I have no clue where I am in the ribs contest, but I'm sure I'm out of it after this past weekend. Regardless, I've got to go witht he obvious pick here.

Pacers 93
Bulls 80


----------



## hoops (Jan 29, 2003)

pacers 101
bulls 83

hinrich 7pts, 9a, 5rebs 3/15 fg, 1/7 3ptfg
crawford 22pts, 4a, 4rebs 8/18 fg, 3/8 3ptfg


----------



## Benny the Bull (Jul 25, 2002)

Pacers 88

Bulls 75


----------



## PC Load Letter (Jun 29, 2002)

Bulls - 93
Pacers - 91


----------



## Wynn (Jun 3, 2002)

The Pacer -- 94
The Bull -- 93


----------



## BenDengGo (Feb 1, 2004)

i don't think we are going to win 3 in a row. no way.
maybe next year but not this saison.

pacer 95
bulls 83


o'neil 25/12
artest 20/6/4

hinrich 20/15
crawford 11/6 (after every good game a bad one follows)
curry 32/15
chandler 10/12


----------



## SecretAgentGuy (Jul 15, 2003)

Bulls 81
Pacers 80


----------



## ChiBron (Jun 24, 2002)

Teams that play physcial ball absolutely OWN us cuz we are SOFFFT. No way r we winning tonight.

Pacers 97
Bulls 79


----------



## mizenkay (Dec 29, 2003)

so the question is will we win three in a row :laugh: or will the pacers lose three in a row  hmmmmm....

*pacers 93
bulls 90 *

a good game but not enough when it comes down to it.


----------



## rlucas4257 (Jun 1, 2002)

im out of the race for this month

Indy 124
Bulls 72

Back to reality


----------



## superdave (Jul 16, 2002)

Pacers 101
Who cares 79


----------



## Robert23 (Dec 3, 2003)

Pacers - 95
Bulls - 85


----------



## spongyfungy (Oct 22, 2003)

Pacers 101
Bulls 95

no 3 game winning streak since Dec. 2002

We'll win the final Pacers-Bulls matchup (last game of the season)


----------



## rynobot (Oct 10, 2002)

Bulls 95
Pacers 94


----------



## fleetwood macbull (Jan 23, 2004)

Pacers 92 
Bulls 84


----------



## Bulls96 (Jun 25, 2003)

Pacers - 90
Bulls - 81


----------



## ace20004u (Jun 19, 2002)

Pacers 100
Bulls 89


----------



## truebluefan (May 27, 2002)

bulls lose 105-90


----------



## Fizer Fanatic (Jun 20, 2002)

Pacers 103
Bulls 87


----------



## bullet (Jul 1, 2003)

Pacers 98
Bulls 82

EC 20


----------



## Sánchez AF (Aug 10, 2003)

BULLS (TOROS)---80

PACERS(PACIFICADORES)---91


----------



## FBarley (Nov 10, 2002)

Curry gets eaten up inside tonight, I believe.
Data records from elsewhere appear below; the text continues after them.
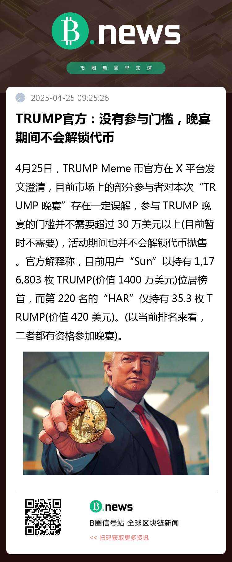 4 月 25 日,TRUMP Meme 币官方在 X 平台发文澄清,目前市场上的部分参与者对本次“TRUMP 晚宴”存在一定误解,参与 TRUMP 晚宴的门槛并不需要超过 30 万美元以上(目前暂时不需要),活动期间也并不会解锁代币抛售。
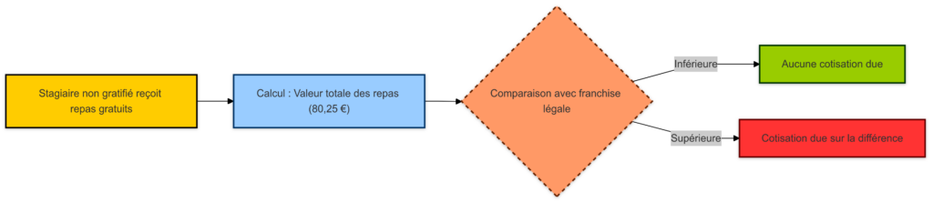 Certains stagiaires (notamment ceux en stage de moins de 2 mois) peuvent bénéficier d’avantages repas sans gratification. Dans ce cas, la valeur des avantages est soumise aux règles générales d’assujettissement aux cotisations, sauf si elle reste en dessous de la franchise légale.
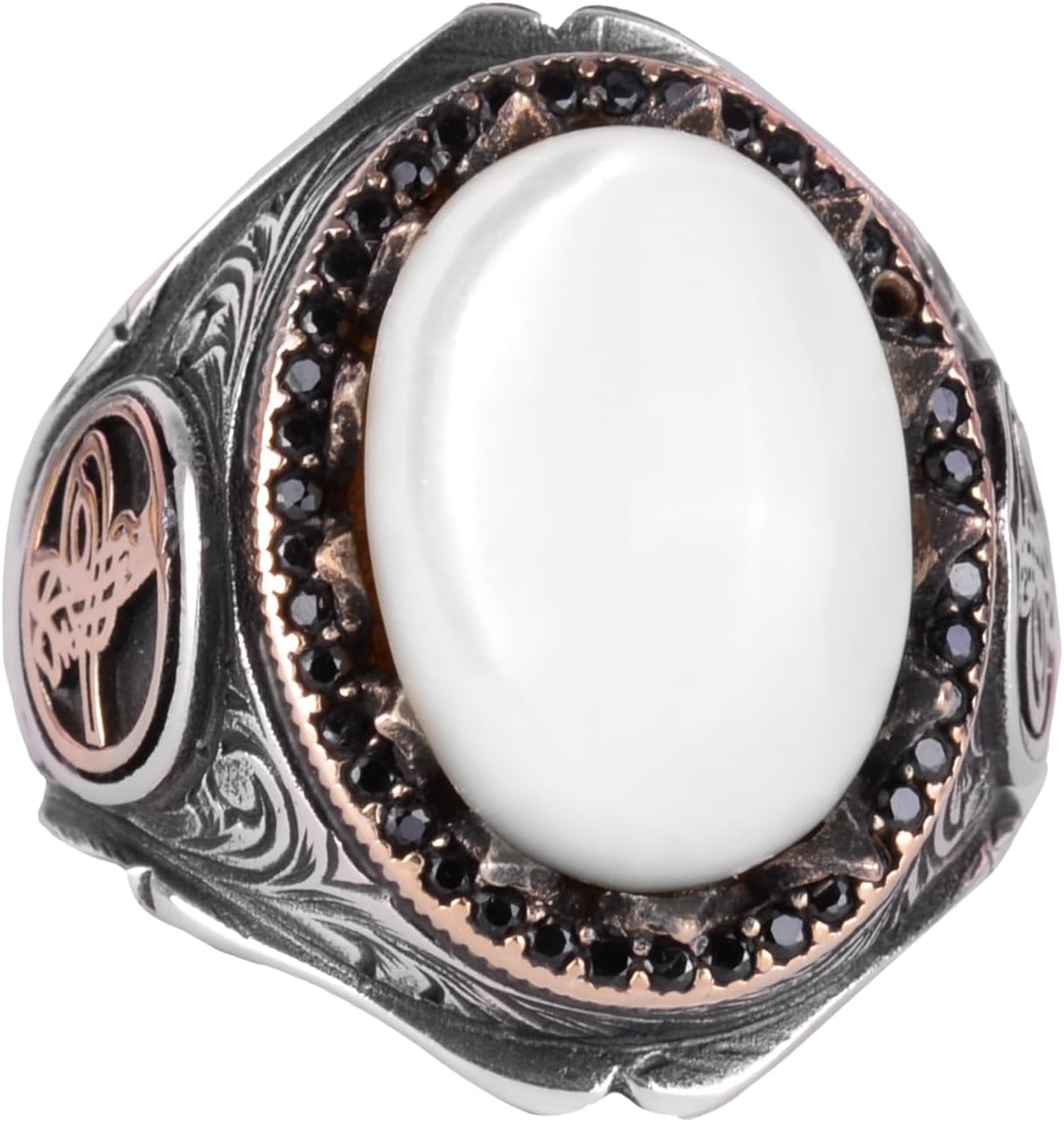 925K Katı Gümüş Erkek Yüzük, Doğal Sedef Taşla - El Yapımı Şıklık
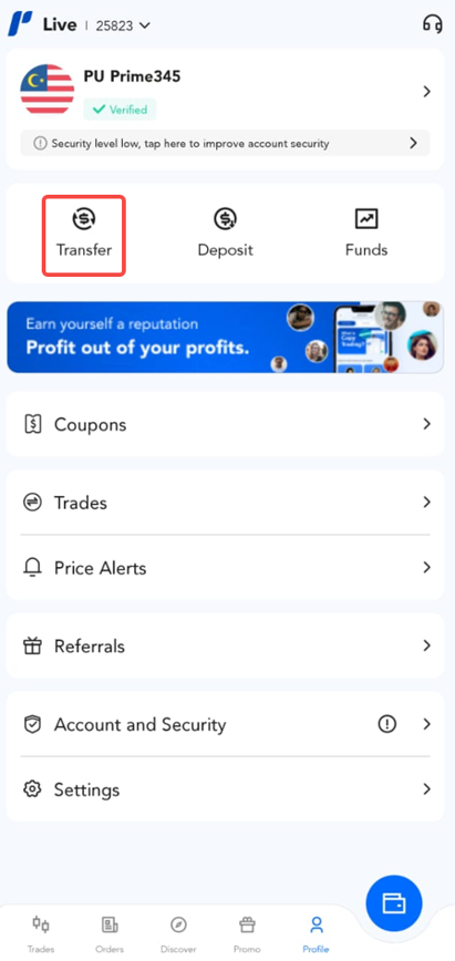 Help Center | PU Prime | More Than Trading приложении PU Prime Запрос приложения PU Prime Как выполнить перевод средств? 1. Нажмите на кнопку "Profile". 2. Нажмите на кнопку "Transfer". 3. Введите данные для перевода средств и нажмите "Далее", чтобы продолжить перевод средств.

He has been facing weak frontcourts. Bulls lose 107-84


----------



## Brian. (Jul 11, 2002)

Hopefully the bulls play well tonight I wouldn't mind seeing a pacer loss


----------



## L.O.B (Jun 13, 2002)

Crazy Ronnie takes out Linton.


----------



## Bulls42 (Jul 22, 2002)

*Our bigs*

Eddy 1-7 in 5 minutes, 2 turnovers.
Tyson 2 fouls in 3 minutes.
Enough said.


----------



## ChiBron (Jun 24, 2002)

Barring Jamal, everybody was just GARBAGE in that qtr. Especially EC and Kirk. Kirk's shooting has been horrendous for a while now....we'll be out of this by halftime if he doesn't step up scoring wise.

Pacers 29
Bulls 18


----------



## hoops (Jan 29, 2003)

hinrich sure looked like an nbdl player in the 1st quarter. 0-2 fg, 0-2 3ptfg and 2 TOs. he was getting schooled by jamal tinsley. :sigh:


----------



## ChiBron (Jun 24, 2002)

They're roughing up Eddy but he's showing some good mental toughness by coming back just as tough. 10 pts on 3-12 shooting now.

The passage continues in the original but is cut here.